ELECTRON-PHONON INTERACTIONS AND RESONANT MULTIPHONON SCATTERING IN HEMATITE (Invited Presentation)

Hematite (α-Fe₂O₃) is a ubiquitous, naturally-occurring semiconductor with a central role in global geochemical cycles and significant promise for photocatalysis and photovoltaic technology. First-row transition metal oxide semiconductors, like hematite, regularly possess strong electron-phonon interactions that limit charge transport. These interactions can be probed via Raman spectroscopy, providing insight into how these materials move electrons in natural and engineered systems. Electron-phonon interactions additionally govern resonant Raman scattering in semiconductors, where the excitation energy is near the band gap energy. Resonance Raman spectroscopy can thus be used to study electron-phonon interactions, and an understanding of electron-phonon interactions can, in turn, elucidate details about the Raman spectrum itself. Despite decades of study, hematite still possesses puzzling resonance behavior and several Raman bands outside of those predicted by group theory, some of which are unassigned.

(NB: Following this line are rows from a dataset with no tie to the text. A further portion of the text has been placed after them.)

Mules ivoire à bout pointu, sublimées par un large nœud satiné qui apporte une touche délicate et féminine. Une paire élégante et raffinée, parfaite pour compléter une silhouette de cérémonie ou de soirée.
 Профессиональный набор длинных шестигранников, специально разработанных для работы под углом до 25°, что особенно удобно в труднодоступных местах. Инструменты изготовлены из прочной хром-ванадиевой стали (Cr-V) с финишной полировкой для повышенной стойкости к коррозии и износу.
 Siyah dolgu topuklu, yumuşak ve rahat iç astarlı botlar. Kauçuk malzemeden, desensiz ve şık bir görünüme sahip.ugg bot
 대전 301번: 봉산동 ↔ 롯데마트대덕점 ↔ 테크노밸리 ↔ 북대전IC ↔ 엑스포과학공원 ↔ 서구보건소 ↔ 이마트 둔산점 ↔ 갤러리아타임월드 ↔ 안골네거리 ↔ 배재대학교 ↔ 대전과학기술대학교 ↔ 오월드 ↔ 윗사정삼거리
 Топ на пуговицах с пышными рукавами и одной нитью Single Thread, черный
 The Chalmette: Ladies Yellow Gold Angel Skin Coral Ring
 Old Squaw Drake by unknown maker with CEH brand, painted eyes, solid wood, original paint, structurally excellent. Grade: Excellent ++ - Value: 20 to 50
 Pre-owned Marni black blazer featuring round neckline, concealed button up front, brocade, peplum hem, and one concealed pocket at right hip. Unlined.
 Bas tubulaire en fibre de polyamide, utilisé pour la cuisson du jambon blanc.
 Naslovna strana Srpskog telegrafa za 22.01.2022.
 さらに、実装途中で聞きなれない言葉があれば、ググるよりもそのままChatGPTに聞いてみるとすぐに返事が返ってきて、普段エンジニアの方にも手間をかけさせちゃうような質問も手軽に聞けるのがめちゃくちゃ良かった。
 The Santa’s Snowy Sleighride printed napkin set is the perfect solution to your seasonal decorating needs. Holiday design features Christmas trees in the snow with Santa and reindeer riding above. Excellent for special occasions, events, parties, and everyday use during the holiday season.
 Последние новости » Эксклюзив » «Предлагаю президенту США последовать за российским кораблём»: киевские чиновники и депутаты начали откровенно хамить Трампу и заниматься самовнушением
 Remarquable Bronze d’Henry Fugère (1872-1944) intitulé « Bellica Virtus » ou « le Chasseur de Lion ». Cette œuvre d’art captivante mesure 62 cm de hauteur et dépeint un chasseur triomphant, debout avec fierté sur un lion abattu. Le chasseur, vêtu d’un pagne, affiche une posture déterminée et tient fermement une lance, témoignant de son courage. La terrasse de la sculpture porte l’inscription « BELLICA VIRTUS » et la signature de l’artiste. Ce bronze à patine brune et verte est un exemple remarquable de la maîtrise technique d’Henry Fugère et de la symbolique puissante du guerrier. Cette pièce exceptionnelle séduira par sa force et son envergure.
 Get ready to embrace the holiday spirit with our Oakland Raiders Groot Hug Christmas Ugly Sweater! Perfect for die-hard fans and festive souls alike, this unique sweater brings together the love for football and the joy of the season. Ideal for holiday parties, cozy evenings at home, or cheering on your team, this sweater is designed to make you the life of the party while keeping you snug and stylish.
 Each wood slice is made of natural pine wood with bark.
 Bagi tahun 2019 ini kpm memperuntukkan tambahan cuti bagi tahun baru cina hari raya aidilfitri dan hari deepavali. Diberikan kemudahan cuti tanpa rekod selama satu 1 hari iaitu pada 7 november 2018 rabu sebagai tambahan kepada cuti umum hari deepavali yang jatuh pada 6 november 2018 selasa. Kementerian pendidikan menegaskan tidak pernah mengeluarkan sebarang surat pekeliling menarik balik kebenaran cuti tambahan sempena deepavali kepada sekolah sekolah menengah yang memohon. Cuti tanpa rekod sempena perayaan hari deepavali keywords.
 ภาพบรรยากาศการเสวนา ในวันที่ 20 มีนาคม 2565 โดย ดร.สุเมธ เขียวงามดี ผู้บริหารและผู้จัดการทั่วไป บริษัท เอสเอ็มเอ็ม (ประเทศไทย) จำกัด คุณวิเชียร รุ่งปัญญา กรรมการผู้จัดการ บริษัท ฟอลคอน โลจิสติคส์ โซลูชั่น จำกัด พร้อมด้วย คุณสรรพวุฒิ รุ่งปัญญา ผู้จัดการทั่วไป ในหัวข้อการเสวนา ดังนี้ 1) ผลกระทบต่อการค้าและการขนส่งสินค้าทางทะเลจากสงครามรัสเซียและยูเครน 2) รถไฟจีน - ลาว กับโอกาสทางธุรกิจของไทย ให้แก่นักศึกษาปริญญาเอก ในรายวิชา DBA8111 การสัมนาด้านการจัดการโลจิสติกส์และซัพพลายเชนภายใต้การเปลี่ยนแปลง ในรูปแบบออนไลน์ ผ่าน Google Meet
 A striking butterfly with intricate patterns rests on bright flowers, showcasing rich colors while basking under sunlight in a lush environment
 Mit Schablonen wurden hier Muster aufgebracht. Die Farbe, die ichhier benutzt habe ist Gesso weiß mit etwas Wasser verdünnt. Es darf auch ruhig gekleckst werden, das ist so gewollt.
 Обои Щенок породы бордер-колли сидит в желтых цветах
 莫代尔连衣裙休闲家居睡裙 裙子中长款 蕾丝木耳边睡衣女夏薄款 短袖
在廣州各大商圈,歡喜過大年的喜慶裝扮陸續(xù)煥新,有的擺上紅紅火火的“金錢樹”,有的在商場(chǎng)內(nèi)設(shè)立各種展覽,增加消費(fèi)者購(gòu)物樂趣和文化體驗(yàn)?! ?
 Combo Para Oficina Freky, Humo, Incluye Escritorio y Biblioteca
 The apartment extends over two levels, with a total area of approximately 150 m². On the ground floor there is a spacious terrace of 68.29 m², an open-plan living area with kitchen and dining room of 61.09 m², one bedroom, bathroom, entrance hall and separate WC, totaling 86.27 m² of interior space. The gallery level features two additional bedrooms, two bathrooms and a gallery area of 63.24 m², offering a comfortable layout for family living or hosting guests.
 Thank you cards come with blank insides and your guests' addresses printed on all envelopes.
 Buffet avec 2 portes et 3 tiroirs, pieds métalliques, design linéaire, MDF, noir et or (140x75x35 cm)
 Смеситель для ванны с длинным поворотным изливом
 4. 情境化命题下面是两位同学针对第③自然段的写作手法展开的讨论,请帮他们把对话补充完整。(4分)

In this work, we report the effects of electron-phonon interactions on hematite's Raman spectrum through polarized, resonant, and temperature-dependent Raman spectroscopy. Resonant conditions give rise to the forbidden 1LO band, up to fourth-order LO overtones, and previously unassigned multiphonon bands at 820, 1050, and 1100 cm^-1. For the first time, 3LO and 4LO phonons are reported in hematite, showing that a series of 1-4 LO phonons is activated near the band gap, potentially offering a new method to study radiative or nonradiative recombination pathways. The symmetry and resonance behavior of the induced Raman bands confirms that long-range electron-phonon interactions called Fröhlich interactions are the source of the resonance enhancement. Our findings also show that the putative one magnon (1M) mode at 820 cm^-1 is inconsistent with a 1M assignment through symmetrical polarization behavior and weak temperature dependence, in agreement with isotopically substituted hematite spectra [1]. Comparison to the calculated two-phonon density of states (DOS) substantiated our experimental data and allowed for proposed band assignments of the second-order modes.

References

[1] Massey, M. J., Baier, U., Merlin, R., & Weber, W. H. 1990. Phys Rev B, 41(11), p.7822.